What to do:
Transcribe nothing except the lines below that run from the one with "A 2014 Formula" to the one with "究其原因,这些采蜜人在采蜜的", ends included, and do not copy any picture.

===== Information supplied

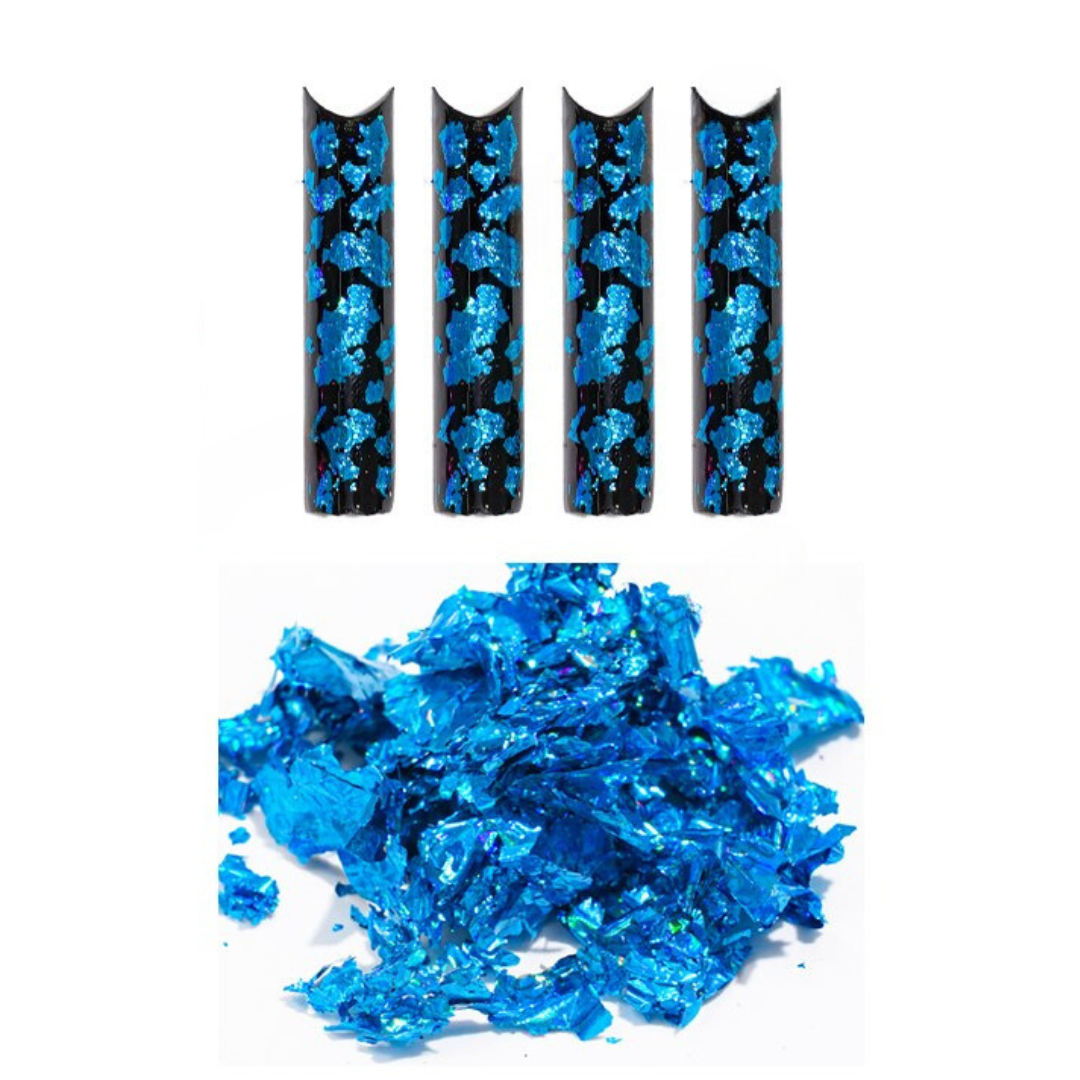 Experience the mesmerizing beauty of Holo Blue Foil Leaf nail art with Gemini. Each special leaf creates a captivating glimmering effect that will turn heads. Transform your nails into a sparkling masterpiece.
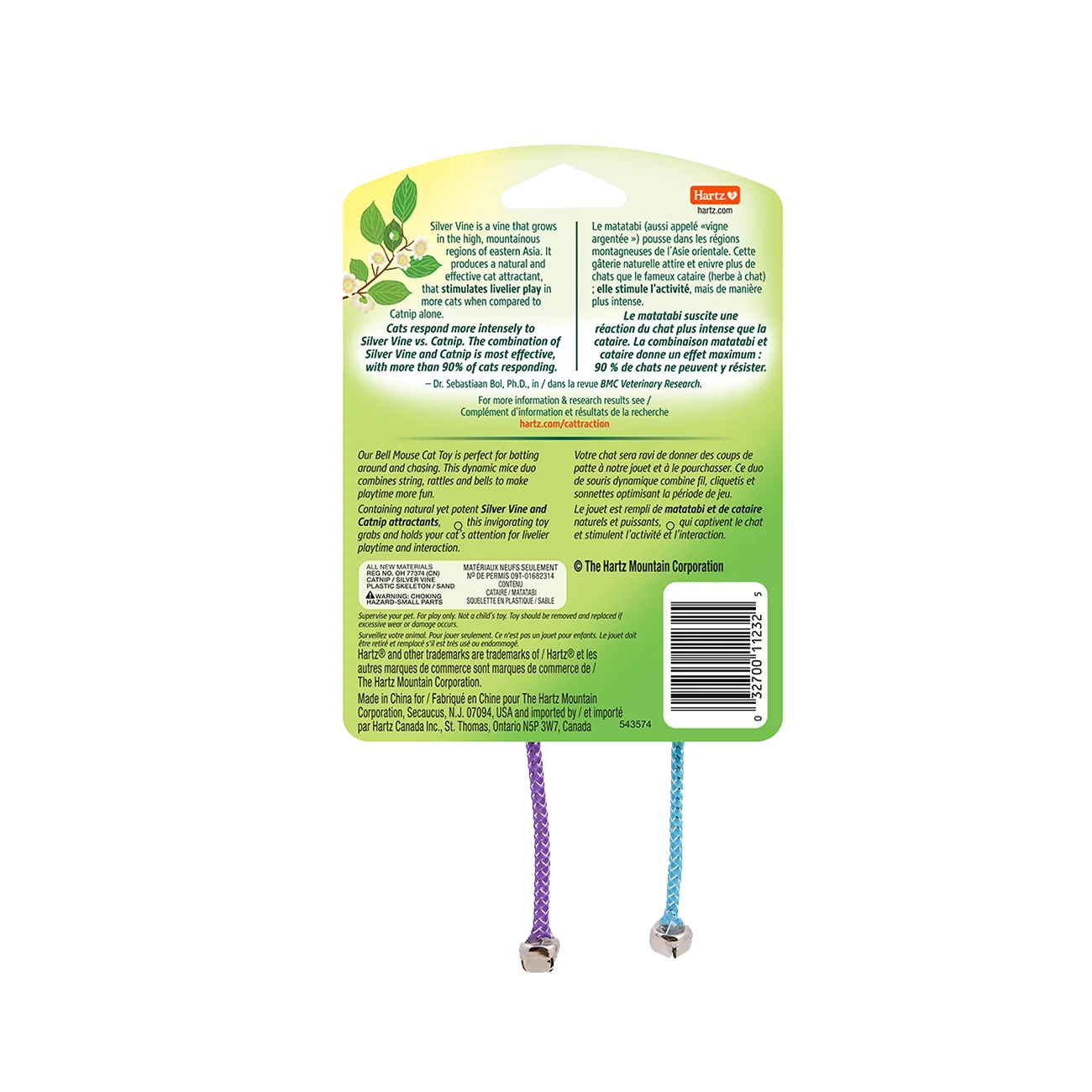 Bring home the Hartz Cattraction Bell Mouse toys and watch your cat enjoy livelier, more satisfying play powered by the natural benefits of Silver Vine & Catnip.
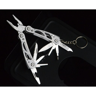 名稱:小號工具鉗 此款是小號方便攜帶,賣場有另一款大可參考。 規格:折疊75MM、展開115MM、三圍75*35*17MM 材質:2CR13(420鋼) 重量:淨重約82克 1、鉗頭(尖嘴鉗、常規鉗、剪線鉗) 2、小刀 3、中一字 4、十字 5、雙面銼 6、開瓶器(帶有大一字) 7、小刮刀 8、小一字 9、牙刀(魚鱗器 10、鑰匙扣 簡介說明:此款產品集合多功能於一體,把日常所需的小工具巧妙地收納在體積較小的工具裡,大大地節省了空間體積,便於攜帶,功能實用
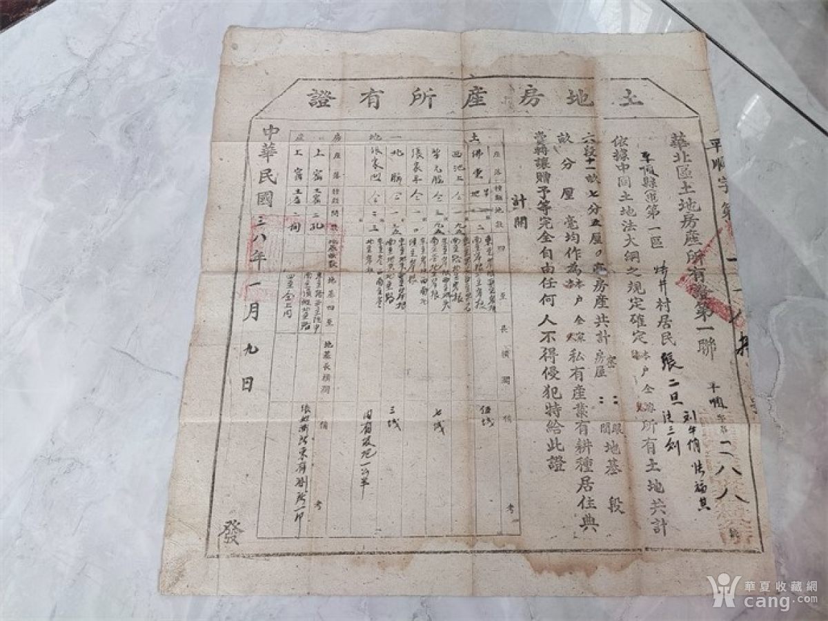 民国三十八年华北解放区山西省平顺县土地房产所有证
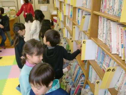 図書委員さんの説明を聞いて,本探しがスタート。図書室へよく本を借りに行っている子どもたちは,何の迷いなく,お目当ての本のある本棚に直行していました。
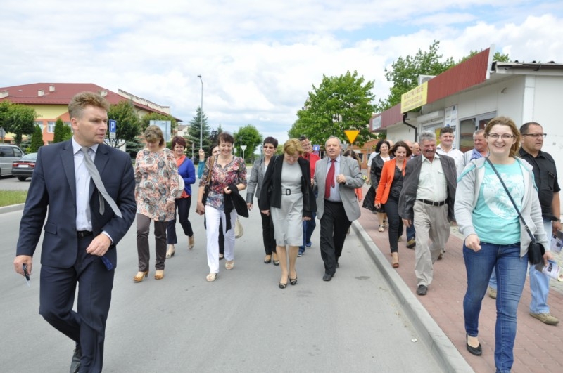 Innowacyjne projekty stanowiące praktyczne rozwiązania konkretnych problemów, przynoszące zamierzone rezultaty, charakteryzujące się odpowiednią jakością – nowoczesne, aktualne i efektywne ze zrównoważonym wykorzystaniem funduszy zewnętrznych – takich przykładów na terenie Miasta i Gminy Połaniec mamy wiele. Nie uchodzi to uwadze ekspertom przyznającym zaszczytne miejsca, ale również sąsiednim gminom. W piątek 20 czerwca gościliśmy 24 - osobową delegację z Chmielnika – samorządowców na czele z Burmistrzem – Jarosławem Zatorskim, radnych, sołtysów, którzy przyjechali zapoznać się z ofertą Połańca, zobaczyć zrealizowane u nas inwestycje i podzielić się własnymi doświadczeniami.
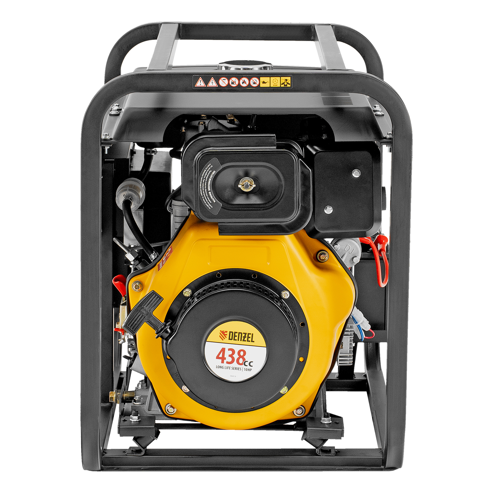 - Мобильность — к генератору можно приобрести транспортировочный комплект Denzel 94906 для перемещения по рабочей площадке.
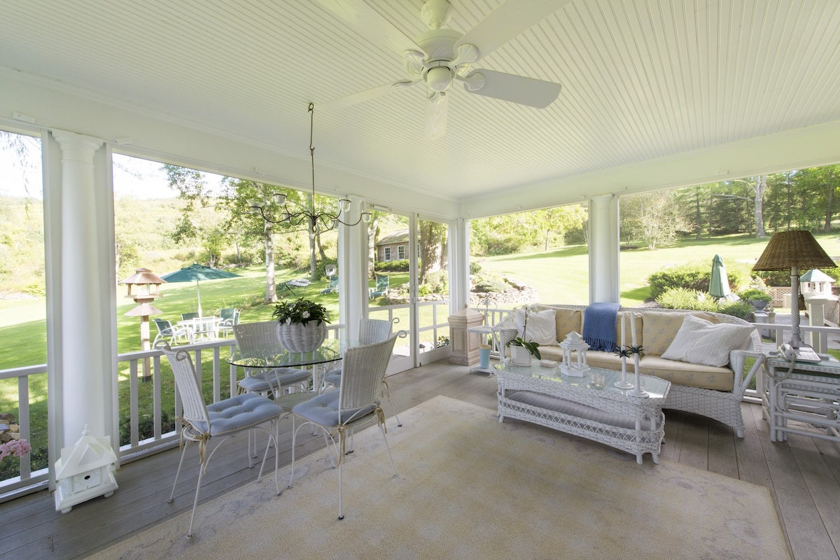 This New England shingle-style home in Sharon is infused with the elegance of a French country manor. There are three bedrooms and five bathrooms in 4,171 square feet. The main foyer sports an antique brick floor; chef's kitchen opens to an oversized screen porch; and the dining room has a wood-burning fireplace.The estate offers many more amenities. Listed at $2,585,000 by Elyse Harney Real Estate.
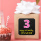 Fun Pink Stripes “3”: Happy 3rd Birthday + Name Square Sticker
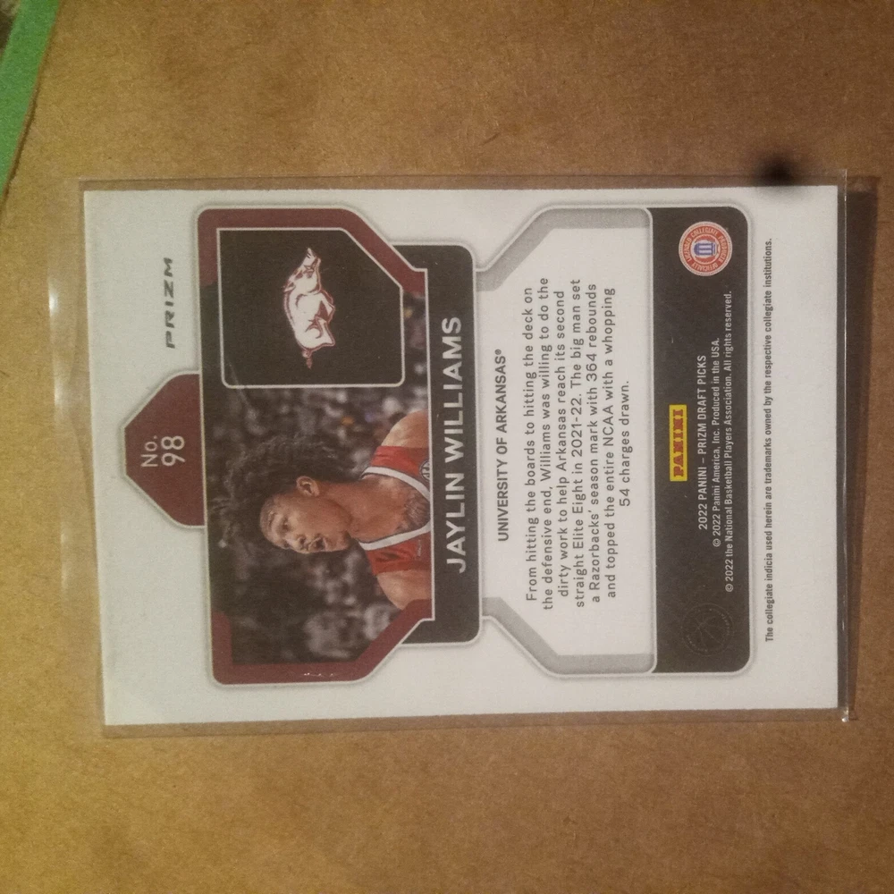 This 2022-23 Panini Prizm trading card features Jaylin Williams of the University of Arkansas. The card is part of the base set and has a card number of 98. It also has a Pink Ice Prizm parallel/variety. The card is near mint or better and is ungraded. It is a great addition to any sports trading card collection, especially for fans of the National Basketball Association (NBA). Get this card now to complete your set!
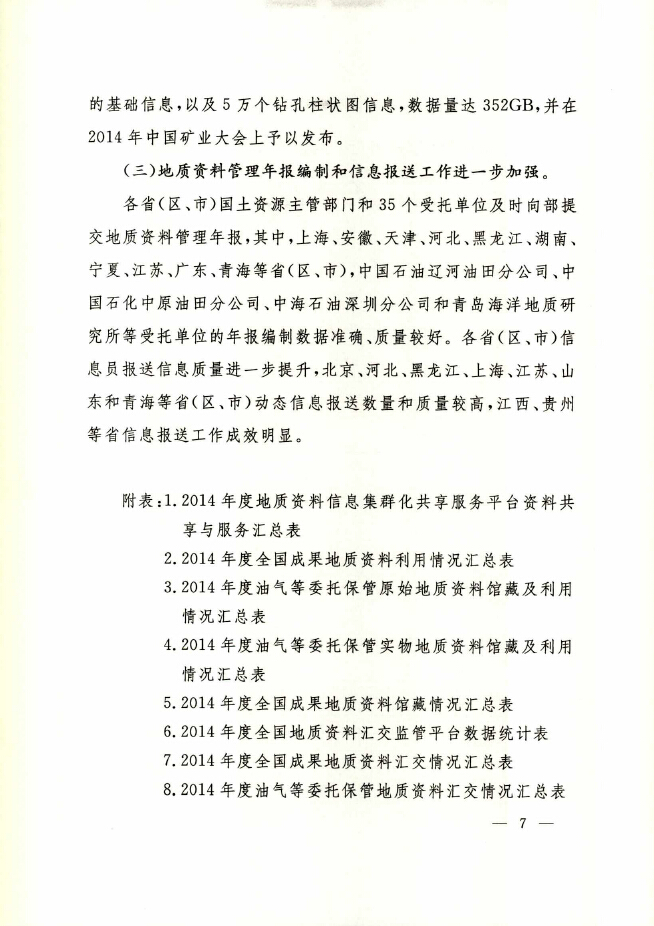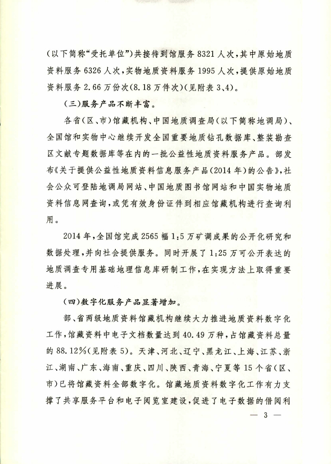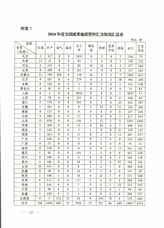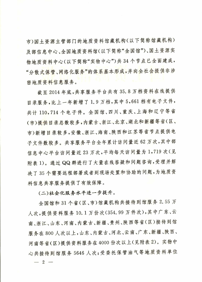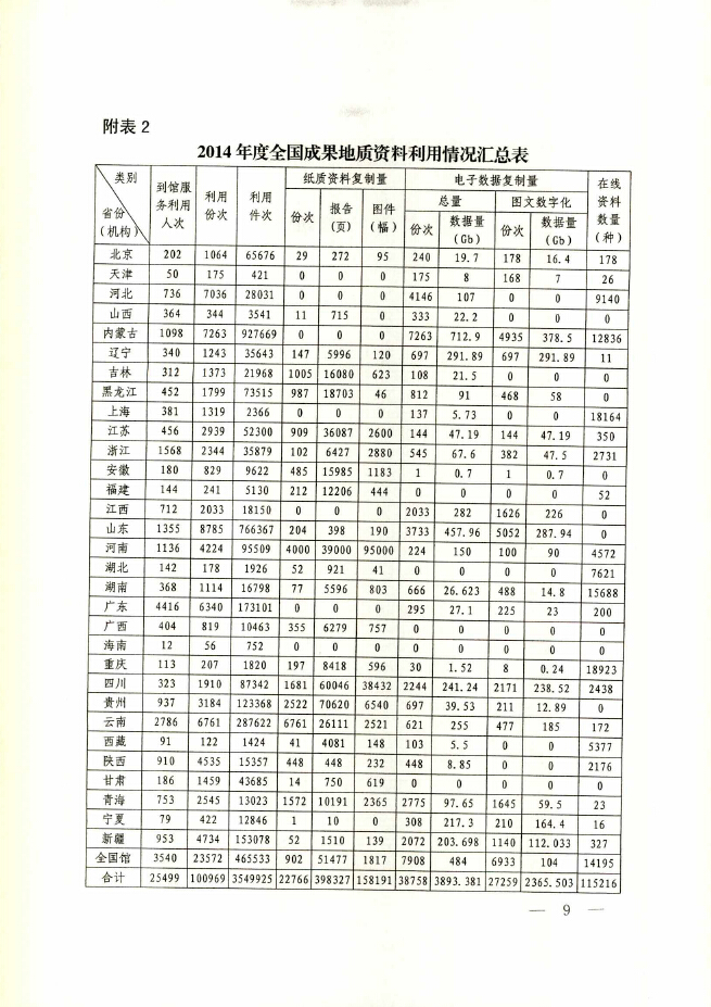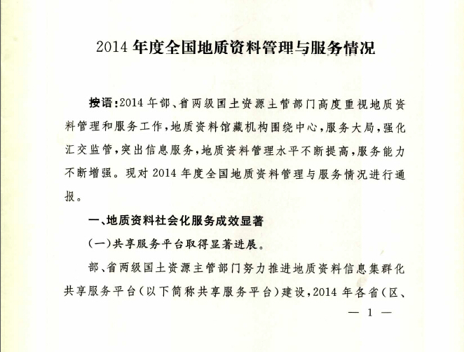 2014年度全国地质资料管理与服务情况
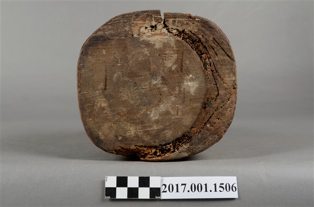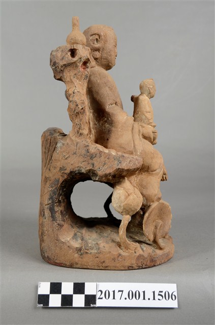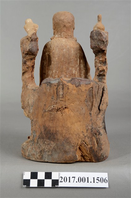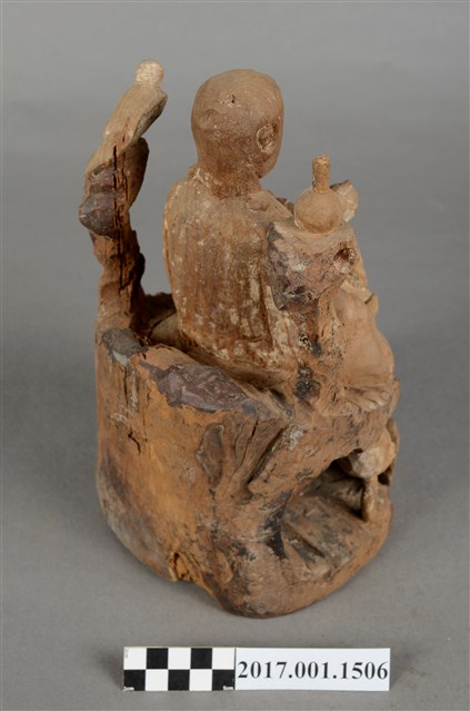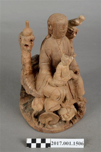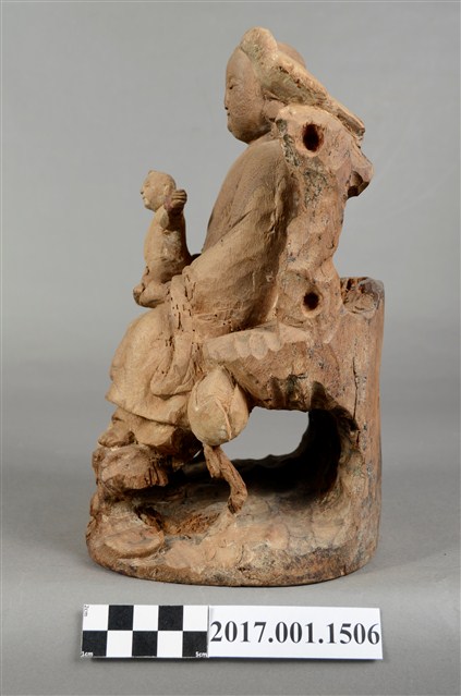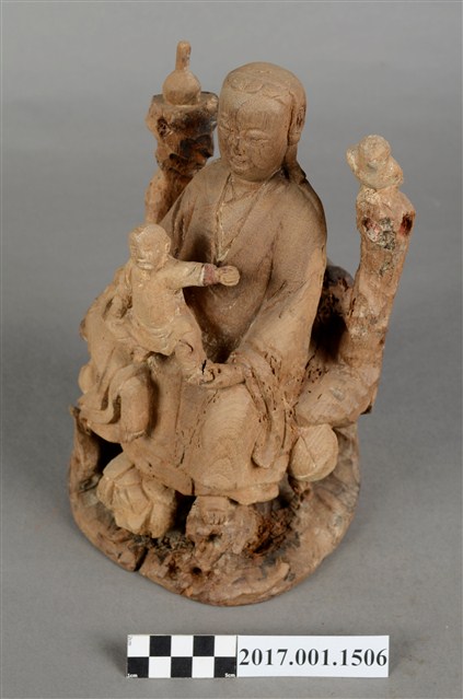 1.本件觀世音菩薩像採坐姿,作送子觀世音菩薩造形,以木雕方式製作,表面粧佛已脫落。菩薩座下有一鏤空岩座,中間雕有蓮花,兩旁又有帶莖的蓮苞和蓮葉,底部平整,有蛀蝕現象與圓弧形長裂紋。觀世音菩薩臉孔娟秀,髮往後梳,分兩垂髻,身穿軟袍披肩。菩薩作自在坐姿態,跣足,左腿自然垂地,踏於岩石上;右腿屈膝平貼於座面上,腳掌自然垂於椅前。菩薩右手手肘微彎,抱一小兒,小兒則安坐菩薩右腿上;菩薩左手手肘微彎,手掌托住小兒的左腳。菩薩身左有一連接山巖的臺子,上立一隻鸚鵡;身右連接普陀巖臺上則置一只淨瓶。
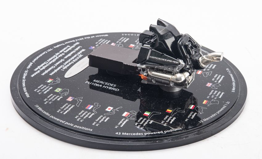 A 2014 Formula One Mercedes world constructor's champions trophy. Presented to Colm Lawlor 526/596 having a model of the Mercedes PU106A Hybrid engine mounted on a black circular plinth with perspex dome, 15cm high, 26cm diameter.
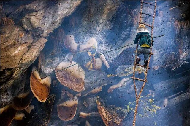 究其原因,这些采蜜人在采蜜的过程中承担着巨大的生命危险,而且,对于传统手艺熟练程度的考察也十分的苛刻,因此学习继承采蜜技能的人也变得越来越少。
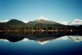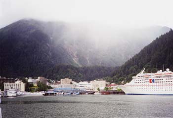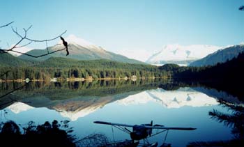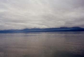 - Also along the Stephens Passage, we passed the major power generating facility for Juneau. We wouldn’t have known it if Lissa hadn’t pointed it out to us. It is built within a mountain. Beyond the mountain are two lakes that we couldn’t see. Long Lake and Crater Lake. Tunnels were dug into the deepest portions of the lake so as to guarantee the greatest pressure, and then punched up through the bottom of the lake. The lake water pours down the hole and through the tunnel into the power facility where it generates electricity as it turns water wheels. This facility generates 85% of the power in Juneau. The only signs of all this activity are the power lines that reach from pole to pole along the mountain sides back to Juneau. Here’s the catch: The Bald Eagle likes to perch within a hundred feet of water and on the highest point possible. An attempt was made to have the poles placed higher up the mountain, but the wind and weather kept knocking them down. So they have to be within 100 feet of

==========

Reply:
 A 2014 Formula One Mercedes world constructor's champions trophy. Presented to Colm Lawlor 526/596 having a model of the Mercedes PU106A Hybrid engine mounted on a black circular plinth with perspex dome, 15cm high, 26cm diameter.
 究其原因,这些采蜜人在采蜜的过程中承担着巨大的生命危险,而且,对于传统手艺熟练程度的考察也十分的苛刻,因此学习继承采蜜技能的人也变得越来越少。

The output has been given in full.